Prompt: Copy out precisely the lines from the start of the data through the line with "Ohne unsere vielen", and keep pictures out of it.

START Material shown

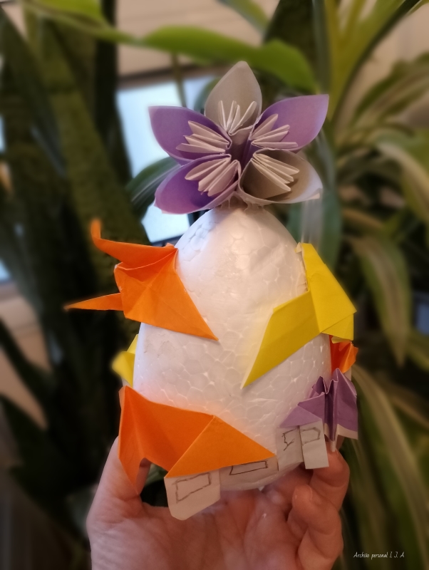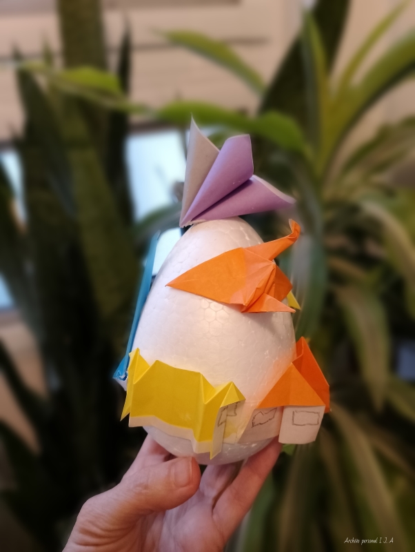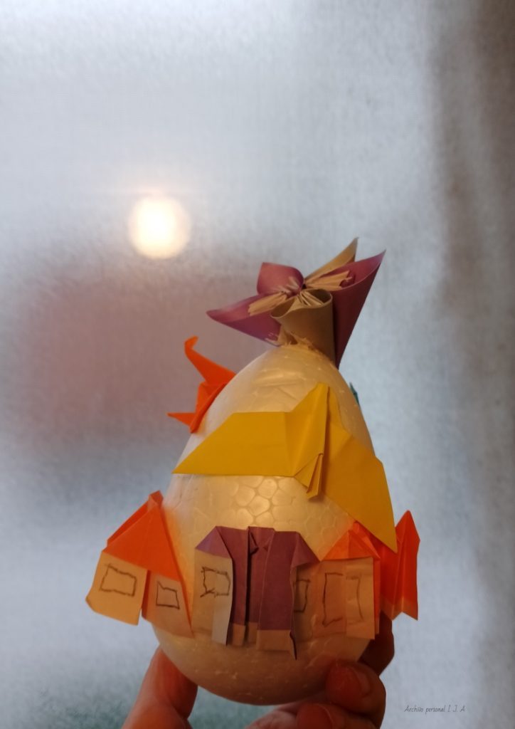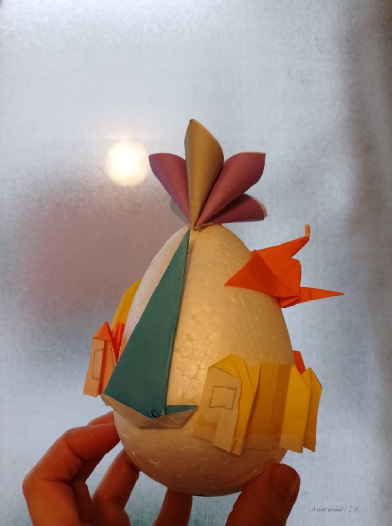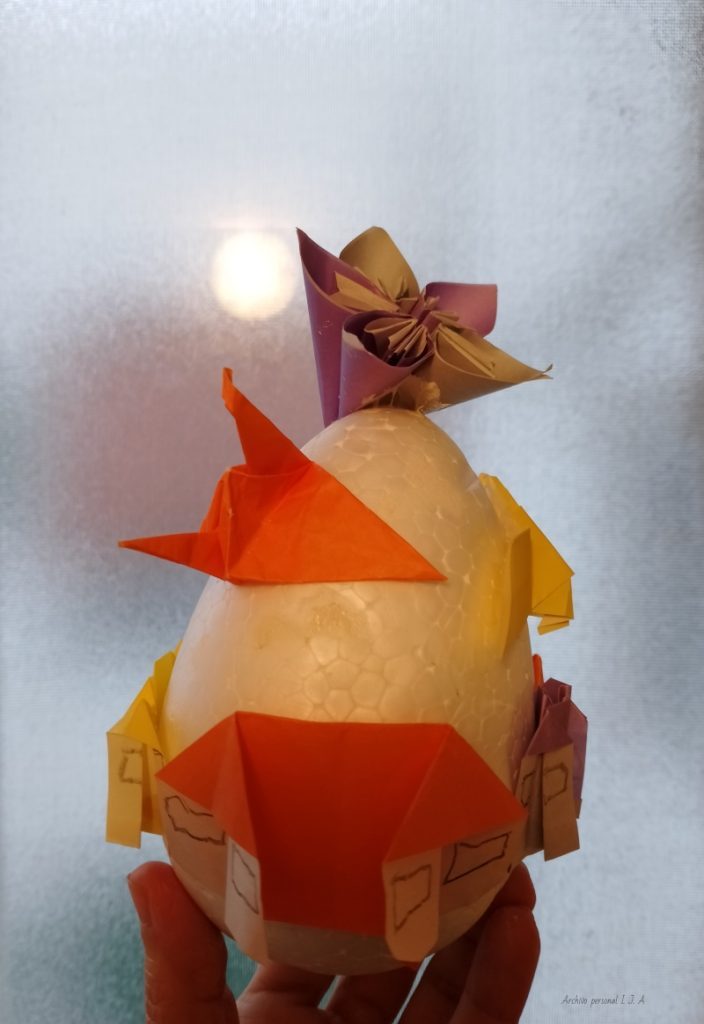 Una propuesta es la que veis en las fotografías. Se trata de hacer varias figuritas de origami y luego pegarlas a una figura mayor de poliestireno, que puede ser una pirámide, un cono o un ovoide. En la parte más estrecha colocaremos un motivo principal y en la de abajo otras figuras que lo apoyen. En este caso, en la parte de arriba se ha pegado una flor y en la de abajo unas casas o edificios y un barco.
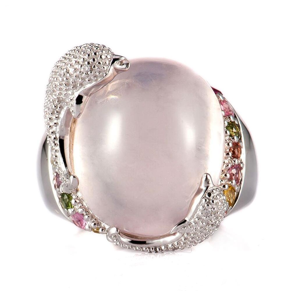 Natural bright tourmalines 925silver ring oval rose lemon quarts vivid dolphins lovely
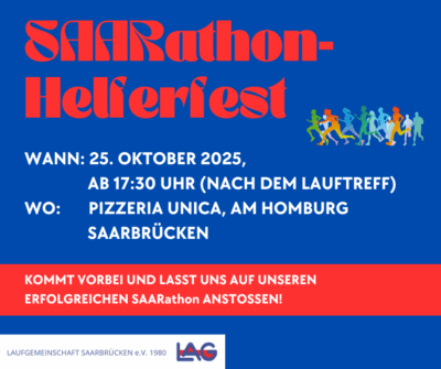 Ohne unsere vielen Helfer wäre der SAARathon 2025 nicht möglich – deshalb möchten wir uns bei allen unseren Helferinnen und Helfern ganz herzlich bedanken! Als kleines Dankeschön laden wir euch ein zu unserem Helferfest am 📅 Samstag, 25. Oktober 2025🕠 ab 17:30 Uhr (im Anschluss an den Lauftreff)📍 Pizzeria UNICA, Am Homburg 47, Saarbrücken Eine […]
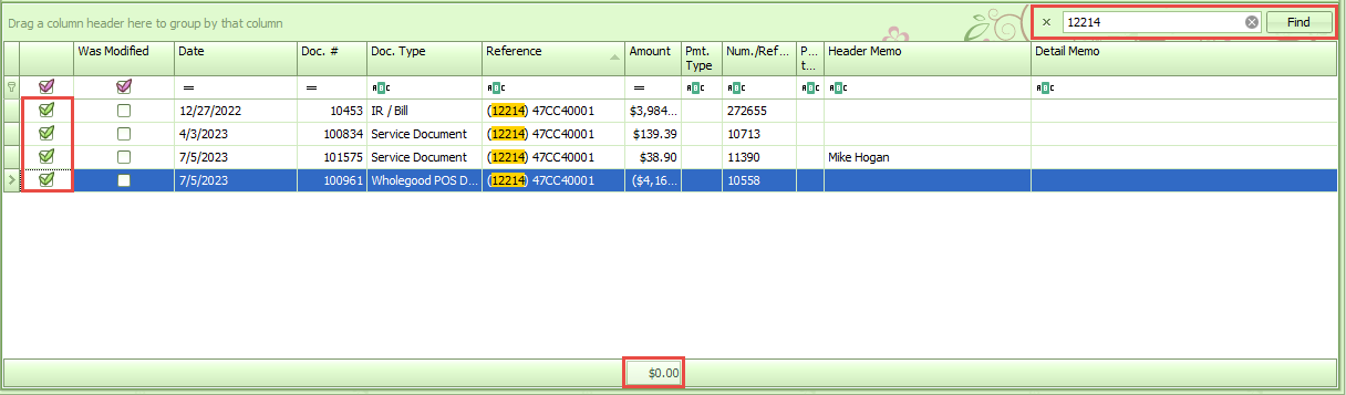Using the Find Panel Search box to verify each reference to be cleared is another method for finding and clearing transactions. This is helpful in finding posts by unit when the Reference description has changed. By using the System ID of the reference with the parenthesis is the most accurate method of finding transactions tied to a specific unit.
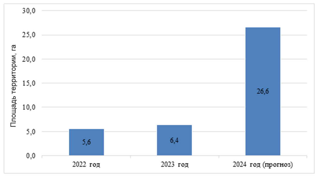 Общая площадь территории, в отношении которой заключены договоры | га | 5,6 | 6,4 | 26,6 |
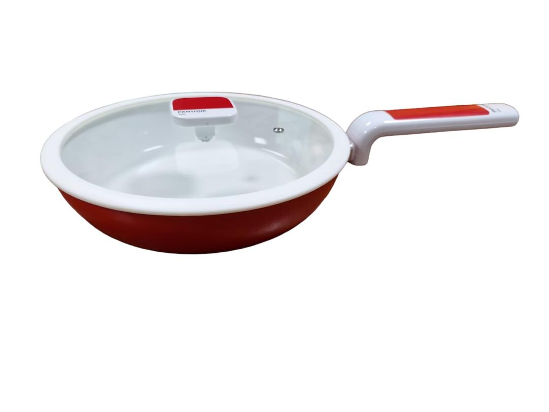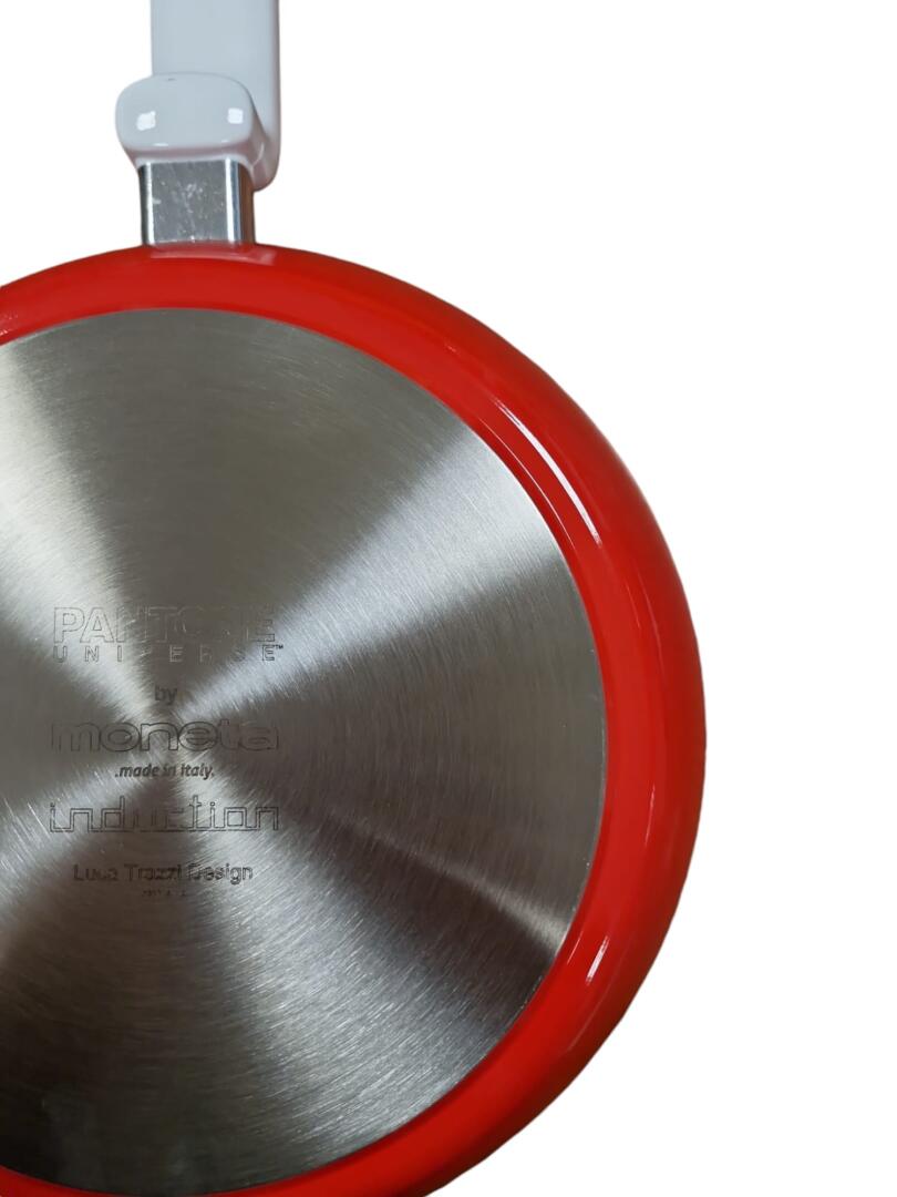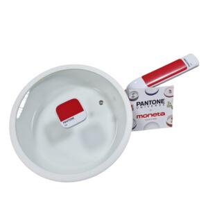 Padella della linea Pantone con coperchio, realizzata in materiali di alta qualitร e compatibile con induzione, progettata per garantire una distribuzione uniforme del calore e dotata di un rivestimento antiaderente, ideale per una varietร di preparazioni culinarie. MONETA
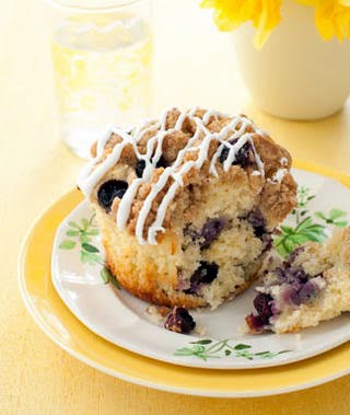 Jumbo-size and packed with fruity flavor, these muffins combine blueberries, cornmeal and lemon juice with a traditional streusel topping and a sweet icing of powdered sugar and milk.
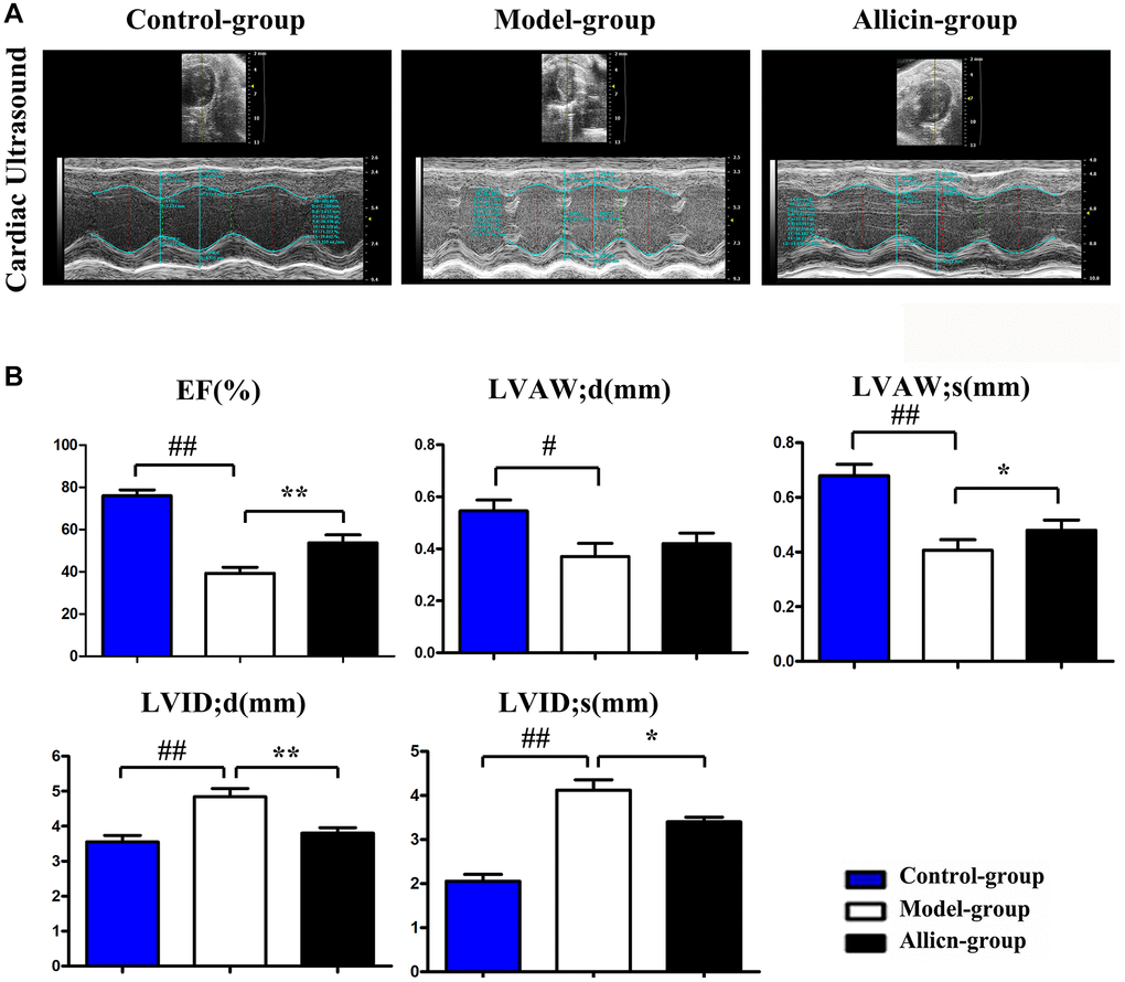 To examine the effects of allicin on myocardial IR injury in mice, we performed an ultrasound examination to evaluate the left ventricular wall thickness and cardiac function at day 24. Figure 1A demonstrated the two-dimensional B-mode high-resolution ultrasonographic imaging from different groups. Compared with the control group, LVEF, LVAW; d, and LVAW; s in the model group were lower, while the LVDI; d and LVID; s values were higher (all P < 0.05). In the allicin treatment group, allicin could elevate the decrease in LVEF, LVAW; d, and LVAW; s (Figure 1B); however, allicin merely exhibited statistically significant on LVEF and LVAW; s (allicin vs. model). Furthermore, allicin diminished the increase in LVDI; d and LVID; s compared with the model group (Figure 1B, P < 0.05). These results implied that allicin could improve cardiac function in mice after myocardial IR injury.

END Material shown

Solution to this problem:
 Una propuesta es la que veis en las fotografías. Se trata de hacer varias figuritas de origami y luego pegarlas a una figura mayor de poliestireno, que puede ser una pirámide, un cono o un ovoide. En la parte más estrecha colocaremos un motivo principal y en la de abajo otras figuras que lo apoyen. En este caso, en la parte de arriba se ha pegado una flor y en la de abajo unas casas o edificios y un barco.
 Natural bright tourmalines 925silver ring oval rose lemon quarts vivid dolphins lovely
 Ohne unsere vielen Helfer wäre der SAARathon 2025 nicht möglich – deshalb möchten wir uns bei allen unseren Helferinnen und Helfern ganz herzlich bedanken! Als kleines Dankeschön laden wir euch ein zu unserem Helferfest am 📅 Samstag, 25. Oktober 2025🕠 ab 17:30 Uhr (im Anschluss an den Lauftreff)📍 Pizzeria UNICA, Am Homburg 47, Saarbrücken Eine […]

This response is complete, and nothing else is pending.